The most important question in enterprise AI in 2026 is not whether autonomous execution systems are theoretically possible. It is whether they are actually working delivering measurable time savings, cost reductions, and operational improvements in the workflows where enterprise value is most concentrated. The answer, for organisations that have deployed genuine execution layers rather than enhanced dashboards, is clearly affirmative. The following three use cases from finance, operations, and engineering illustrate what autonomous execution looks like in practice, what the before-and-after operational metrics are, and why the difference matters at scale.

01

Finance: Auto-Reconciliation and Approval Routing

Before autonomous execution, a finance team processing 10,000+ transactions per month spent an average of 340 person-hours per month on reconciliation work matching transactions against POs, flagging discrepancies, routing anomalies for review, and following up with vendors and internal teams on unresolved items. The process ran on a monthly cycle, meaning discrepancies detected early in the month were often not resolved until the month-end close, creating cash flow uncertainty and audit risk.With SuperManager's autonomous execution layer deployed, the reconciliation cycle runs continuously. Transactions are matched against POs in real time. Discrepancies below the defined threshold are automatically queried with vendors through structured communication workflows and logged for audit. Discrepancies above the threshold are routed to the appropriate finance reviewer with full context and a defined resolution timeline. The 340 monthly person-hours reduced to 40 with the remaining 40 hours focused entirely on the genuine exceptions that require human judgment.

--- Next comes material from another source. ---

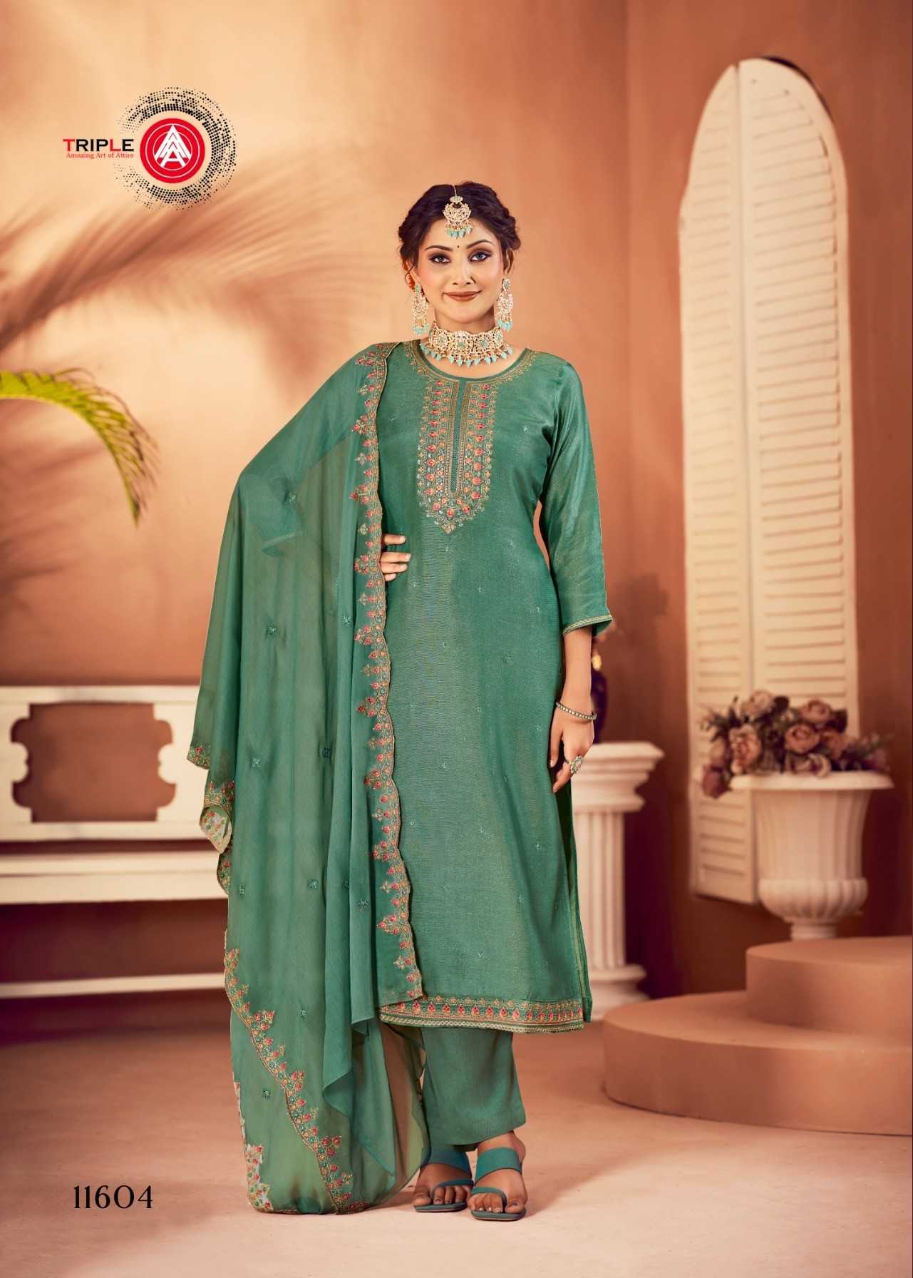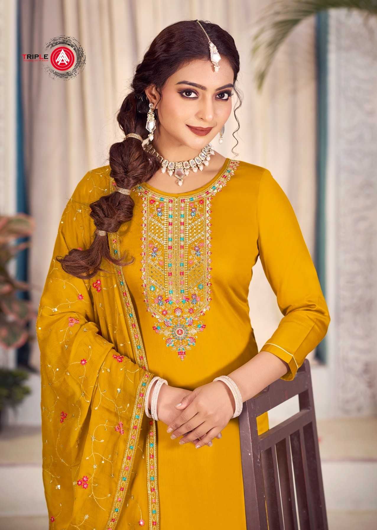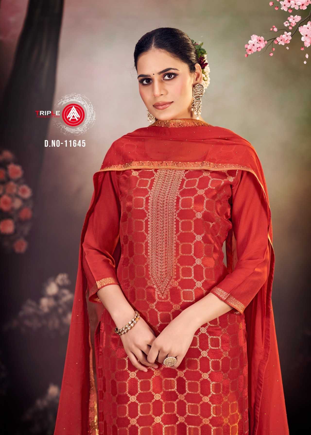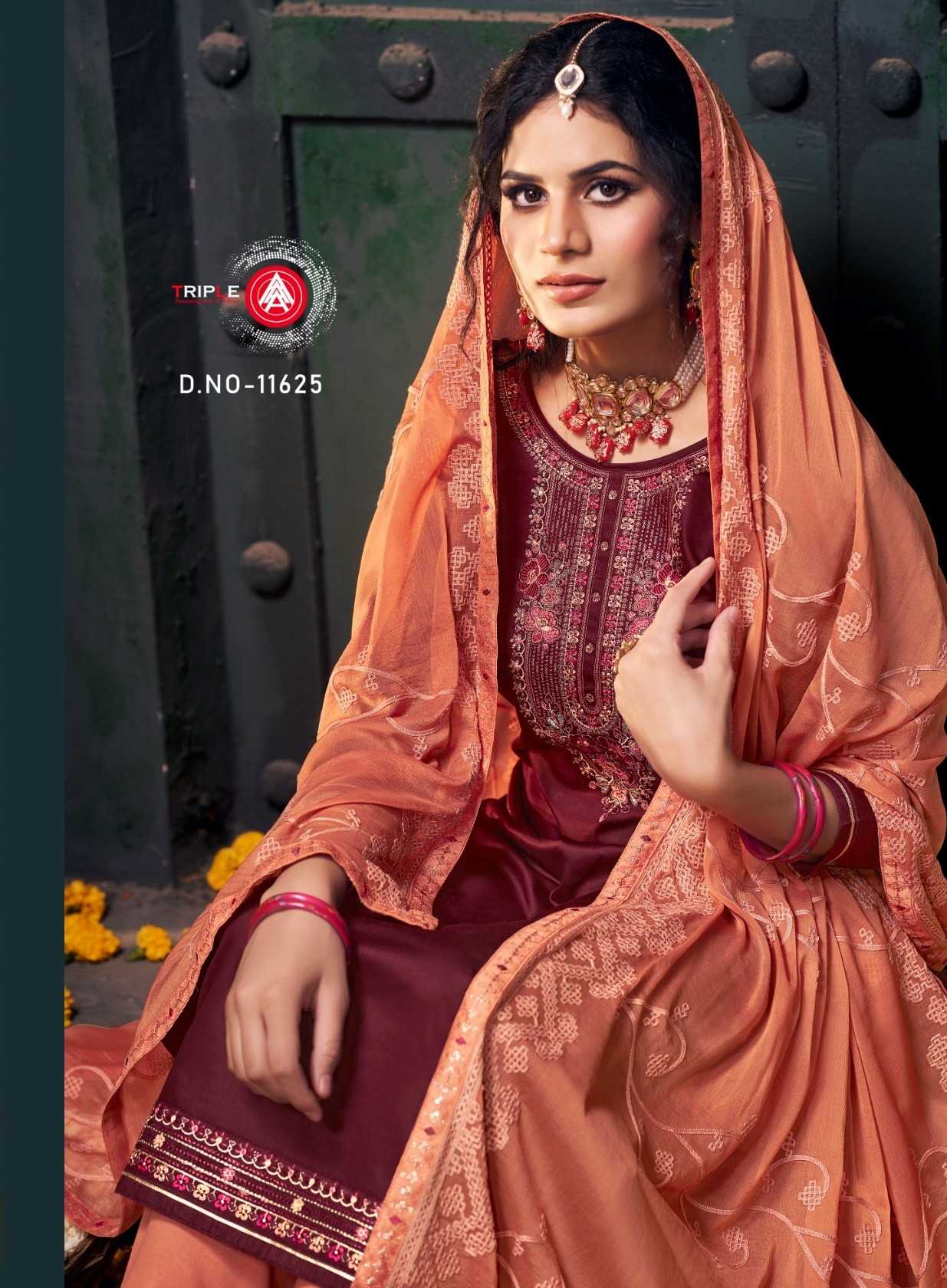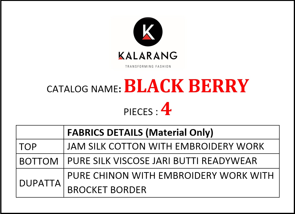 Catalog name : Black BerryFabric Details âªTop:- JAM SILK COTTON WITH EMBROIDERY WORK âªBottom:- PURE SILK VISCOSE JARI BUTTI READYWEAR âªDupatta:- PURE CHINON WITH EMBROIDERY WORK WITH BROCKET BORDER âªTotal Design:- 4 â°Dispatching 5 to 6 days later Rate 999 |

Month-end close time reduced from twelve days to three.

02

Operations: Vendor Coordination and Logistics Management

Before autonomous execution, an operations team managing relationships with forty-plus vendors across a manufacturing supply chain spent significant management bandwidth on delivery status tracking, ETA updates, logistics rescheduling, and ERP record maintenance work that was almost entirely reactive, triggered by delays that had already occurred rather than prevented by early intervention.With an autonomous execution layer monitoring delivery ETAs against production schedules in real time, the system identifies potential delays forty-eight to seventy-two hours before they would impact production, automatically contacts the vendor's logistics team, requests updated ETAs, evaluates alternative sourcing or scheduling options, executes the optimal response within defined parameters, updates the ERP and production schedule, and notifies the operations manager only when a delay cannot be resolved within the defined parameters. Vendor-caused production delays reduced by 60%. Operations manager time spent on logistics coordination reduced by 70%.

03

Engineering: Sprint Execution and Blocker Resolution

Before autonomous execution, engineering teams in a 200-person product organisation spent an estimated 15% of engineering management time on Jira ticket hygiene updating statuses, reassigning blocked tickets, pinging reviewers on overdue PRs, and escalating dependencies between teams. Daily standups consumed thirty minutes per team per day primarily to surface information that should have been visible in the project management system.With an autonomous AI project manager deployed on top of the existing Jira and GitHub environment, ticket statuses update automatically based on PR and deployment events. Blocked tickets trigger automatic reassignment or escalation workflows based on the type of block. Overdue PR reviews trigger reviewer reminders and escalate to engineering leads after defined periods. Cross-team dependencies are monitored and flagged proactively. Standup time reduced from thirty minutes to ten. Engineering management time on ticket hygiene reduced by 80%. Sprint cycle time from story assignment to production deployment reduced by 2.3x.